Keeping the memory alive

Published on 01 January 2010
Source: Arthritis Today

Sally Morris and her four children - James, Jake, Hattie and Gabby

After Sally Morris’s beloved husband Clive died from complications of rheumatoid arthritis, she decided to throw herself into raising money for Arthritis Research UK. Sally told Arthritis Today what motivates her.

Clive Morris was just 50 when he died from complications of rheumatoid arthritis (RA) two years ago.

Clive, larger than life, hard-working and devoted to his wife and family, had developed the condition 15 years earlier, but despite his deteriorating health, continued to work as an IT project manager until shortly before his death.

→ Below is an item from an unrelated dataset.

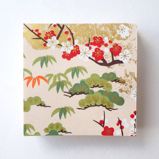 Paquet de 100 feuilles de papier origami Yuzen Washi 7x7 cm HZ-070 - Jardin de fleurs de prunier

“Clive did a lot of flying for work and he developed DVT and a pulmonary embolism, and six months later was diagnosed with RA, although we don’t know if there was any sort of connection,” explains his widow Sally, who lives in Coventry with two of the couple’s younger children, daughters Hattie, aged ten, and Gabby, 15. Their two older boys, 21-year-old James and Jake, aged 19, are both at university.

After his diagnosis, Clive was put on a succession of drugs to control his condition but, from the first, suffered a series of bad reactions, and developed a number of complications. Sulphasalazine ruined his digestive tract, and although methotrexate was effective in controlling flares, he contracted ulcers, and his immune system was badly compromised. Clive also had septicaemia, and developed a lump on his neck which was found to be cancerous. He and Sally had just returned from a 25th wedding anniversary cruise when they were told he had only weeks to live. Clive died in October 2007.

"Clive was an incredible man; he used to go to work in absolute agony. His hands would be like sausages, and his knees and ankles were very badly swollen much of the time, but he was one of those men who would not give up,” remembers Sally, now 50.

"He lived for me and the kids, and was a larger-than-life personality. I can see him now, standing on the touchline in complete agony watching his sons playing rugby.”

After his death, Sally, a fitness instructor, who was already involved in running various charity events, made a conscious decision to do something to keep Clive’s memory alive.

“I said to the children that I felt we should do something so that their dad’s death was not in vain, and that it was something I felt strongly about. They said straight away: ‘what can we do?’ ”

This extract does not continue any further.